Rebels tighten grip on Tripoli

Gaddafi forces pushed to southern outskirts of Libyan capital following street-to-street rebel onslaught.

Tripoli

A street-by-street rebel onslaught has pushed the remnants of Muammar Gaddafi’s army to the southern outskirts of Tripoli, securing nearly all of the capital and closing in on victory.

By late Friday, rebel troops using automatic weapons and trucks mounted with anti-aircraft guns and field artillery had control of the Abu Salim district and was pushing further south, into the Salaheddin and Tartouk areas.

The fiercest remaining pocket of resistance was in Tartouk, around the barracks of the Khamis Brigade, considered Gaddafi’s best-trained fighting force.

At around 7 pm, a crowd of civilians and rebels near the barracks scattered under rifle fire coming from nearby residential buildings.

Rebels responded in force, turning their guns in the direction of suspected snipers and blasting chunks out of the buildings’ concrete facades.

More loyalist fire came from other directions and the barracks, indicating that rebels were still battling for control of one of the final bastions of Gaddafi’s military power in the capital.

Hospitals under siege

The fighting has triggered a humanitarian crisis with hospitals struggling to cope with the flood of wounded as supplies run scarce.

The putrefying bodies of around 80 people were found in a hospital on Friday, apparently the unlucky victims of fighting that prevented the wounded from being treated, reported AFP news agency.


Tripoli hospitals struggle to cope with injuries

Doctors at the hospital in Abu Salim said snipers loyal to Gaddafi kept new patients and health care workers away from the facility.

A lack of supplies, nurses and surgeons has contributed to the difficulties in dealing with the injured.

“It is a disaster,” said medical-student-turned-nurse Mohammed Yunis.

“There is no more medicine in the hospital, no more medical personnel.

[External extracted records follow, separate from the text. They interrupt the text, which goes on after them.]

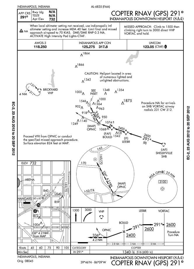 Indianapolis Downtown Heliportu için hazırlanan ve 291 derece istikametinde alçalmayı sağlayan bir COPTER RNAV (GPS) alçalma kartı.
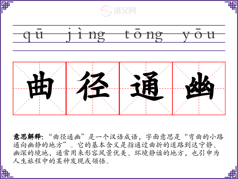 通过对“曲径通幽”的学,我认识到这个成语不仅仅是一个词汇,它承载着深厚的文化内涵和哲学思考。在语言学中,理解这样的成语能够帮助我更好地表达情感和思想,使我的表达更加丰富和生动。
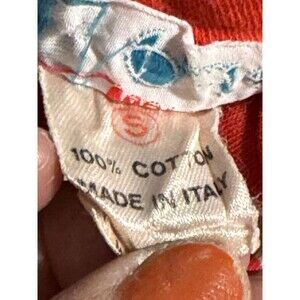 This vintage tank top by Paul Harris Designs features a striped pattern in red and white. Made in Italy from cotton, it has a sleeveless design with a scoop neck and wide straps. The classic fit and retro theme make it a perfect choice for casual or travel wear during the summer and spring seasons.

They all left for fear of the snipers.”

Yunis said numerous bodies had already been removed from the hospital.

“There have been hundreds of deaths (in Tripoli) in recent days,” he said, visibly shaken.

NATO targets Sirte

Elsewhere in the country, British warplanes struck a large bunker in Gaddafi’s hometown of Sirte, as NATO turned its attention to loyalist forces battling advancing Libyan rebels in the area, according to the Associated Press news agency. 

In London, Liam Fox, the defence secretary, said some elements of the Gaddafi regime were in Sirte “where they are still continuing to wage war on the people of Libya”. 

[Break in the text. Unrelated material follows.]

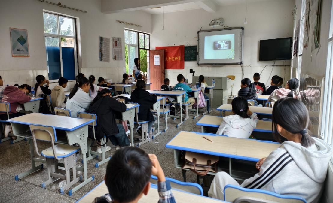 支教团成员开设“国学经典”课堂,带领孩子们诵读经典篇目,分享感悟。
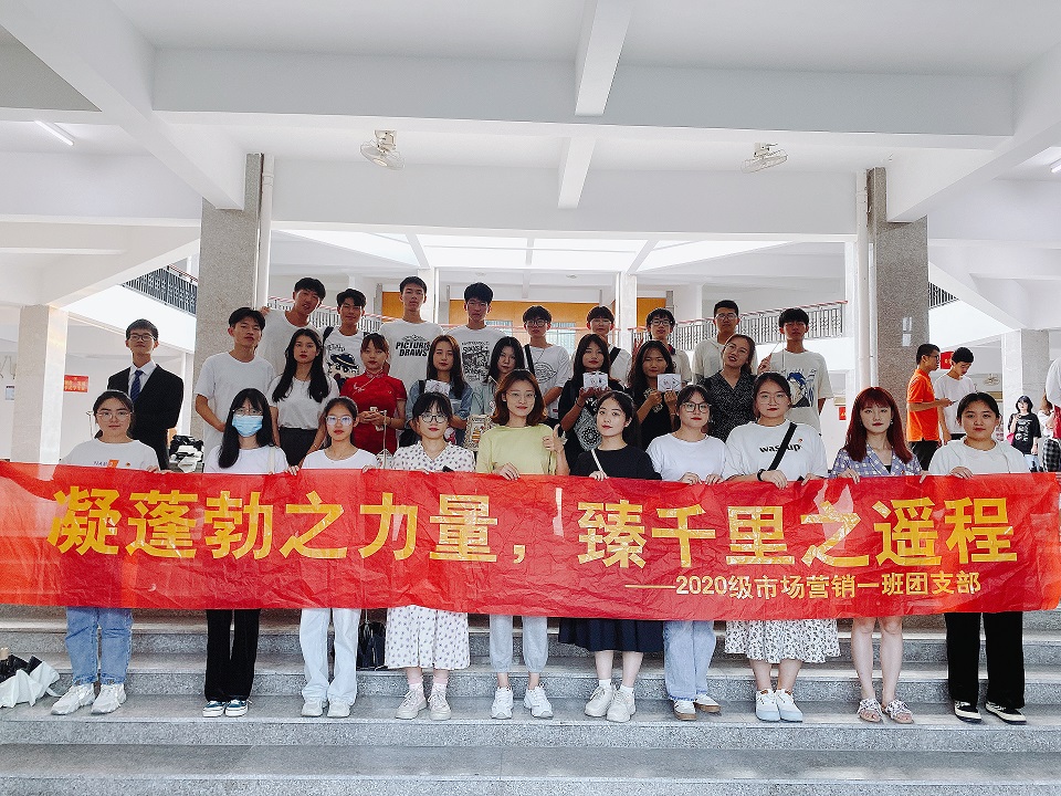 班级合照 在此次活动中,20级市场营销系(1)班的同学们相互配合,团结合作。比赛过程中,通过制作立体书、折扇、灯笼等形式,营造了互帮互助,积极向上的班级氛围。在全班同学的共同努力之下,凭借着团结进取、积极乐观的精神,20级市场营销系(1)班取得本次团立项比赛的一等奖。

He said NATO would continue to strike at the Gaddafi’s forces’ military capability. 

“The regime needs to recognize that the game is up,” Fox said.

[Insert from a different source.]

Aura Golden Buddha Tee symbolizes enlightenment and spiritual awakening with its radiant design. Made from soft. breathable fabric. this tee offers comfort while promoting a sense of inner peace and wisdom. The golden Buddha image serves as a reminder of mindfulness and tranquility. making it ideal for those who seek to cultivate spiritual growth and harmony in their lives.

The rebels have offered a reward to anyone who kills or captures the 69-year-old Gaddafi, whose whereabouts and those of his powerful sons remain unknown.

Despite the ongoing clashes, Sean Foley, a scholar at the Institute of Islamic Thought and Civilisation in Malaysia, said the rebels had overcome hurdles in six months to remove a “well-entrenched” regime.

“This is an opposition force that only six months ago didn’t exist,” he told Al Jazeera.

“Over the last six months it has built an impressive array of allies around the world, and it’s fought a war on the ground against a well-entrenched, well-financed and well-thought out opposition and government.

“This opposition and government-in-waiting has been extremely impressive. It seems to be only a matter of time before they finish what they need to do.”